## Description of the task
Having located the line with "根據(jù)云南省物價局關于", repeat it and all remaining lines of the records exactly. Pictures do not belong in the answer.

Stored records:
○ ○ ○

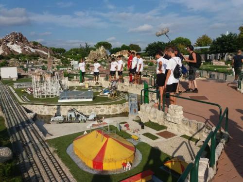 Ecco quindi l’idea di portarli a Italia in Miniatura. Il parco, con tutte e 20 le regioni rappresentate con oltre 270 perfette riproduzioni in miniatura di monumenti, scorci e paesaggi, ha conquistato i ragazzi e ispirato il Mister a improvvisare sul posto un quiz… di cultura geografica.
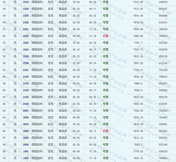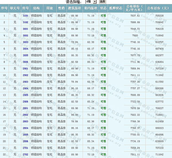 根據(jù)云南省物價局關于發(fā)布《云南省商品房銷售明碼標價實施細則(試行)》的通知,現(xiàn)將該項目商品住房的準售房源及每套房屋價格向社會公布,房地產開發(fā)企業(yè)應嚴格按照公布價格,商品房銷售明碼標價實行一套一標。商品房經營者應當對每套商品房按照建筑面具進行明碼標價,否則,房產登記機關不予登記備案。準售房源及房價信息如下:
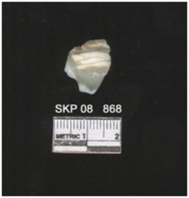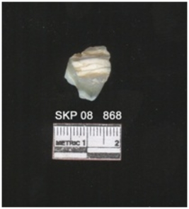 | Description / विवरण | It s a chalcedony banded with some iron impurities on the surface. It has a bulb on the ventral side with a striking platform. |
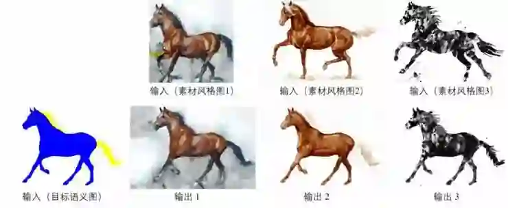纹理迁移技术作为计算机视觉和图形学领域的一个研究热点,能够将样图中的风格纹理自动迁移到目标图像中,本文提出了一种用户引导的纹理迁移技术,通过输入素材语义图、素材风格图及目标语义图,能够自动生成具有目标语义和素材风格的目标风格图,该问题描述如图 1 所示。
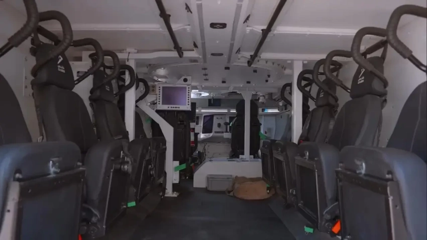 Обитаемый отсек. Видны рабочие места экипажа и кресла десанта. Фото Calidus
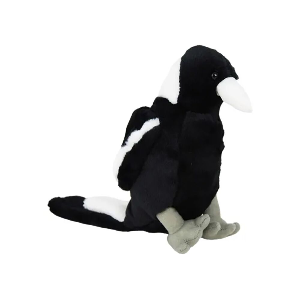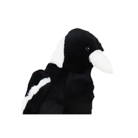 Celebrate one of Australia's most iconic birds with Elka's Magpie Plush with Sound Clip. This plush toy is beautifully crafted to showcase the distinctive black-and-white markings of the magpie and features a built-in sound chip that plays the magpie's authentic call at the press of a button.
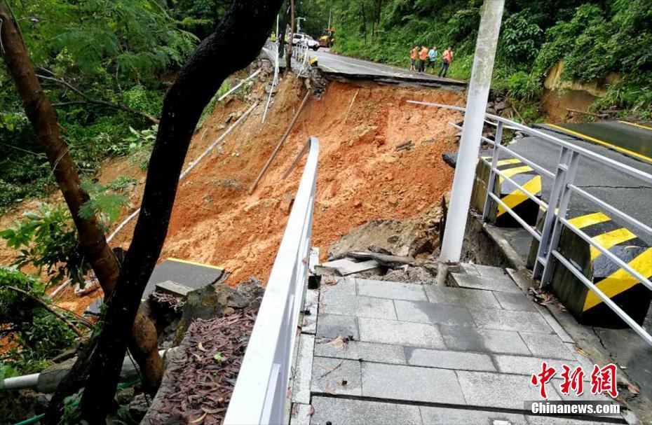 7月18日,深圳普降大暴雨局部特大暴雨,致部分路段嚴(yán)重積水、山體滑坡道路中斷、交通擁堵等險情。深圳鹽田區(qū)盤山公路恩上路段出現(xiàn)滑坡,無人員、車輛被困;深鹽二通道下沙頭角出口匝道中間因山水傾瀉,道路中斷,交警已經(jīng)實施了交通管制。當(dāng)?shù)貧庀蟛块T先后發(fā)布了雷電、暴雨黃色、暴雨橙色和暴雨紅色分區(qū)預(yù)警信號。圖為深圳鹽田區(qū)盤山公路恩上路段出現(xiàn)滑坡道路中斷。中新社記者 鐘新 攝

○ ○ ○

## Reply to the exercise
 根據(jù)云南省物價局關于發(fā)布《云南省商品房銷售明碼標價實施細則(試行)》的通知,現(xiàn)將該項目商品住房的準售房源及每套房屋價格向社會公布,房地產開發(fā)企業(yè)應嚴格按照公布價格,商品房銷售明碼標價實行一套一標。商品房經營者應當對每套商品房按照建筑面具進行明碼標價,否則,房產登記機關不予登記備案。準售房源及房價信息如下:
 | Description / विवरण | It s a chalcedony banded with some iron impurities on the surface. It has a bulb on the ventral side with a striking platform. |
纹理迁移技术作为计算机视觉和图形学领域的一个研究热点,能够将样图中的风格纹理自动迁移到目标图像中,本文提出了一种用户引导的纹理迁移技术,通过输入素材语义图、素材风格图及目标语义图,能够自动生成具有目标语义和素材风格的目标风格图,该问题描述如图 1 所示。
 Обитаемый отсек. Видны рабочие места экипажа и кресла десанта. Фото Calidus
 Celebrate one of Australia's most iconic birds with Elka's Magpie Plush with Sound Clip. This plush toy is beautifully crafted to showcase the distinctive black-and-white markings of the magpie and features a built-in sound chip that plays the magpie's authentic call at the press of a button.
 7月18日,深圳普降大暴雨局部特大暴雨,致部分路段嚴(yán)重積水、山體滑坡道路中斷、交通擁堵等險情。深圳鹽田區(qū)盤山公路恩上路段出現(xiàn)滑坡,無人員、車輛被困;深鹽二通道下沙頭角出口匝道中間因山水傾瀉,道路中斷,交警已經(jīng)實施了交通管制。當(dāng)?shù)貧庀蟛块T先后發(fā)布了雷電、暴雨黃色、暴雨橙色和暴雨紅色分區(qū)預(yù)警信號。圖為深圳鹽田區(qū)盤山公路恩上路段出現(xiàn)滑坡道路中斷。中新社記者 鐘新 攝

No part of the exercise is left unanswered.